In this study, a comparison of selective functionalization of the WE and nonselective functionalization of all the electrodes was performed. Selective functionalization was achieved by pipetting 4 μL of 10 mM DSP directly onto the WE surface, whereas nonselective functionalization was achieved by pipetting 200 μL of 10 mM DSP to completely cover the sensing region.

Electrochemical Measurements

Electrochemical experiments were carried out using a Gamry Reference 600 potentiostat. OCP, CV, and EIS were employed to study biosensor performance across the nine sensor iterations (see supplementary data) and aid in the downselection of the optimal CE placement. EIS was also used as a measurement technique to quantify the dose-dependent response from BSA binding events for the CE1.225 iteration.

Open-Circuit Potential

The OCP is a thermodynamic parameter that indicates the tendency of the WE to participate in an electrochemical corrosion reaction with the surrounding medium. To measure the OCP, the potential of the WE is measured against the RE using a high-impedance voltmeter to ensure that no current flows between the electrodes. The OCP of each biosensor iteration was measured to establish sensor stability, taken in the presence of 1× PBS for 1 h to ensure steady state.

Cyclic Voltammetry

CV is a common potentiodynamic technique used to study redox active species. Cyclic voltammograms were recorded in the presence of 1 mM ferricyanide with a 1× PBS-supporting electrolyte. In CV, the potential between the WE and RE is ramped linearly versus time. Once the potential reaches a set maximum, it is ramped in the reverse direction until a set minimum is reached. In this article, the potential was scanned from 0 V to a 0.2 V maximum, and then a –0.5 V minimum at 25 mV/s. The measurement was repeated for a total of three cycles, once the voltammogram reached steady state. The current response was plotted as a function of applied potential to inform the reversibility of the redox active species at the WE.
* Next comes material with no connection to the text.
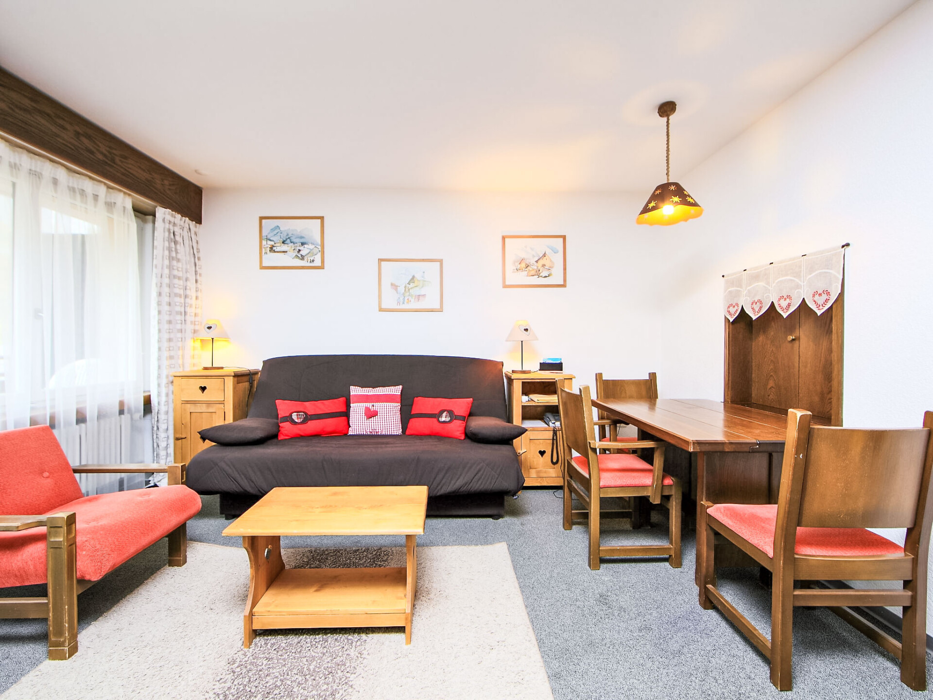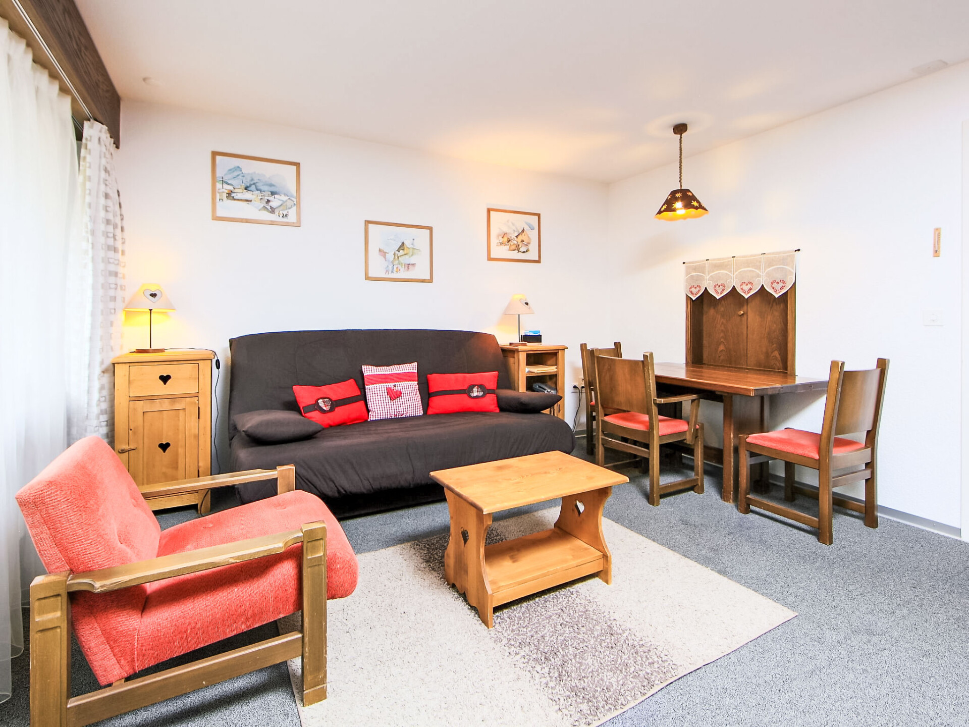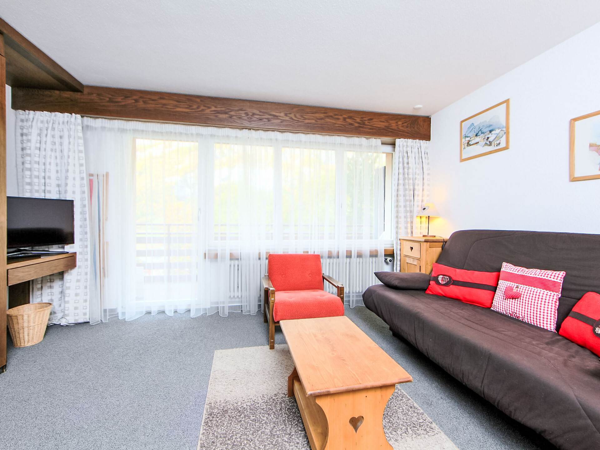 "Ringstrasse Apt 115", appartement 1-kamer 43 m2 op de 1e verdieping. Doelmatig en gezellig ingericht: woon-/eetkamer met 2 kastbedden, TV en Kabel-TV (Flatscreen TV). Uitgang naar het balkon. Keuken (oven). Bad/WC. Balkon. Balkonmeubilair. Mooi uitzicht op de bergen, het landschap en de plaats. Ter beschikking: Internet (WiFi, gratis). Niet rokers woning.
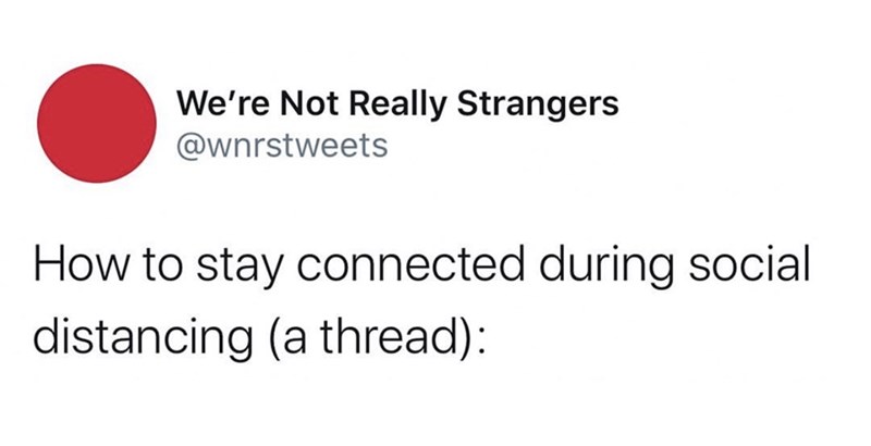 As citizens all over the world retreat to their spaces to flatten the Coronavirus curve, we're finding ourselves missing our usual forms of connection. Some of us can't see or touch our loved ones. The interactions we take for granted at the coffee shop or at a bar are now forbidden. Some people are finding ways around these restrictions: setting up conference call "raves" and video chatting as though enjoying a night out with friends. Even with these adaptive measures, it can be hard to feel "connected" during a crisis like this. But Twitter account @wnrstweets is here with tips on maintaining our humanity and connections while COVID-19 ravages our brains. Stay safe, people, and try to stay happy.

Electrochemical Impedance Spectroscopy

EIS was employed to study changes in the complex electrical impedance. A sinusoidal voltage of 10 mV root mean square was applied across a wide frequency range of 1 Hz to 1 MHz. The resulting current response of the system was measured, and the complex impedance was calculated by taking the ratio of input voltage to measured current. EIS was used to study baseline characteristics across sensor iterations in a blank PBS buffer. Nonfaradaic detection of a model protein, BSA, was also carried out using EIS on the downselected iteration CE1.225.

Results and Discussion

COMSOL Results

Finite element analysis was performed on each of the nine iterations to downselect the optimal positioning of the CE. For each iteration, both the electrolyte potential and electrolyte current density were analyzed using the primary current distribution module within COMSOL Multiphysics. The electrolyte potential visualizes how the RE surface potential distribution changes when varying the CE positioning, while the current density is used to investigate the variation in charge distribution at the WE. Positioning of the CE should ensure that the applied potential promotes a stable RE potential and uniform current density at the WE.

When modeling primary currents, losses due to solution resistance are considered, while both electrode kinetics and concentration-dependent effects are neglected. Therefore, all charge transfer within the electrolyte is assumed to obey Ohm’s law. This model makes the following assumptions: (1) convection within the electrolyte does not significantly affect current density, (2) the electrolyte is homogeneous, and (3) the potential of the electrolyte–electrode interface does not deviate from its equilibrium value. Based on these assumptions, the following equations govern within the system:

Electrode : J_{s} = - σ_{s} \nabla ϕ_{s} with \nabla J_{s} = Q_{s}

Electrolyte : J_{l} = - σ_{l} \nabla ϕ_{l} with \nabla J_{l} = Q_{l}

Electrode - Electrolyte Interface : ϕ_{s} - ϕ_{l} = E_{e q}

In the above equations, J represents the current density vector (A/m²), which is dependent on σ, the conductivity (S/m), and φ, the electric potential (V). In these equations, the index s denotes the electrode domains, while the l subscript denotes the electrolyte domain. E_eq represents the potential difference at the electrode–electrolyte interface. Figure 3A shows a 2D schematic of the geometric model simulated in COMSOL with each domain’s applied boundary conditions.

Figure 3.

(A) Schematic of geometry for finite element analysis with applied boundary conditions for the CE1.225 configuration. (B) Contour plot demonstrating isopotential surfaces within the electrolyte. (C) Potential distribution at the RE across all configurations. (D) Surface plot showing the distribution of current density and arrow plot representing electric field distribution and direction. (E,F) Line plots demonstrating the current density distribution along the dashed lines shown in (A). The dashed line color in (A) corresponds to the graph insert label color in (E,F) indicating the direction.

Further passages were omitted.